Singularity Container Pilot

Document Author: Simon Butcher, QMUL Research IT

Updated: 6th June 2017

Version: 1.2.2

1. Summary

This document describes the singularity pilot phase on Apocrita, how to take part, and how to get started with running applications in a container.

2. Singularity Container Repository

During this test phase, container template files will be stored in the testing folder at https://github.research.its.qmul.ac.uk/itsresearch/singularity-containers along with necessary files to build the container. If you have an Apocrita account but can't login to the QMUL github, please raise a support ticket via its-research-support@qmul.ac.uk.

To contribute files or make changes to this repository, end users will be required to fork the repository and submit a pull request to merge the changes.

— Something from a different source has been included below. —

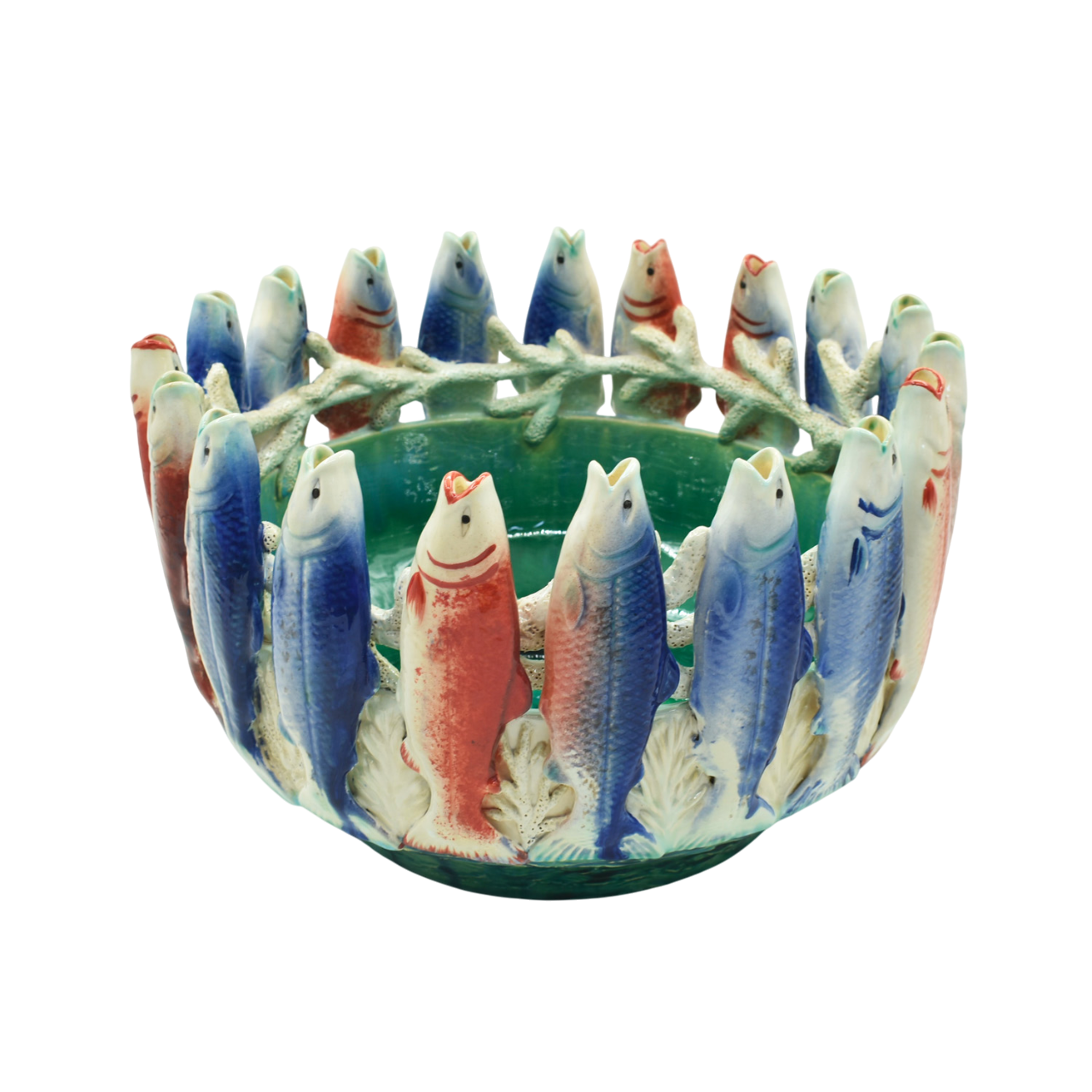 Lindo centro de mesa com aplique de peixes coloridos em toda a volta e corais
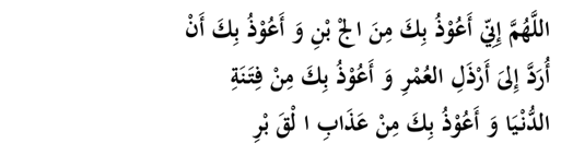 “Ya Allah sesungguhnya aku berlindung pada‐Mu dari sifat pengecut, dari dikembalikannya aku kepada umur yang paling lemah (pikun) dan fitnah dunia dan dari siksa kubur.”

If this is a bit complicated, you can send us the path to the relevant files (.def and .qsub) on apocrita and we'll add them for you.

3 Known Issues

3.1 Overlayfs not supported on SL6.2

Scientific Linux 6.2, which Apocrita currently uses, does not support overlayfs, hence any directories we want to mount inside the container need to be manually created in the bootstrap phase by adding a mkdir command in the %post section of the Singularity def file. One such example is the home directory, which on Apocrita is /data/home. Hence, for seamless home directory mounting on CentOS6 nodes (such as Apocrita currently), we must create /data in the %post section of the .def file:

%post
    mkdir /data

CentOS 7

We are in the process of moving Apocrita to CentOS 7, which does not suffer from this issue.

3.2 Issues when bootstrapping containers for other O.S. Versions

When building containers for other Linux distributions, or other versions of the same distribution, some extra settings or packages may be required.

For example, building a CentOS6 package on a CentOS7 machine requires additional commands adding to the %post section of the .def file

RELEASEVER=6
ARCH=x86_64
echo $RELEASEVER > /etc/yum/vars/releasever
echo $ARCH > /etc/yum/vars/arch
rpm --rebuilddb

Similarly this is required if building a CentOS container on Ubuntu. We are trying to discover if this is a widespread issue, and if there are any better workarounds.

Bootstrapping an Ubuntu container on CentOS requires the debootstrap package to be installed, which allows debian/ubuntu systems to be built without apt/dpkg.

3.3 Package installation Log messages appearing to come from the host server

Currently syslog messages generated inside a container (such as package installs) appear to come from the host machine in the host system logs. A feature request has been raised to optionally allow us to mute bootstrap log messages, or send them to a file.

4 Guidelines

4.1 Use of foreign container formats

For compatibility, trust and repeatability, we want to refrain from loading docker images, instead to create singularity def files (and store them in the github repository for re-use), and create images from the def files. It is usually quite easy to inspect a docker template file and produce a singularity template from it.

4.2 Image sizes

Singularity no longer uses sparse file systems, so the images take up all of the allocated space on the disk. Oversized containers are a waste of resources. Since containers can easily be grown, container sizes should be kept to a reasonable minimum, since they are meant to be static.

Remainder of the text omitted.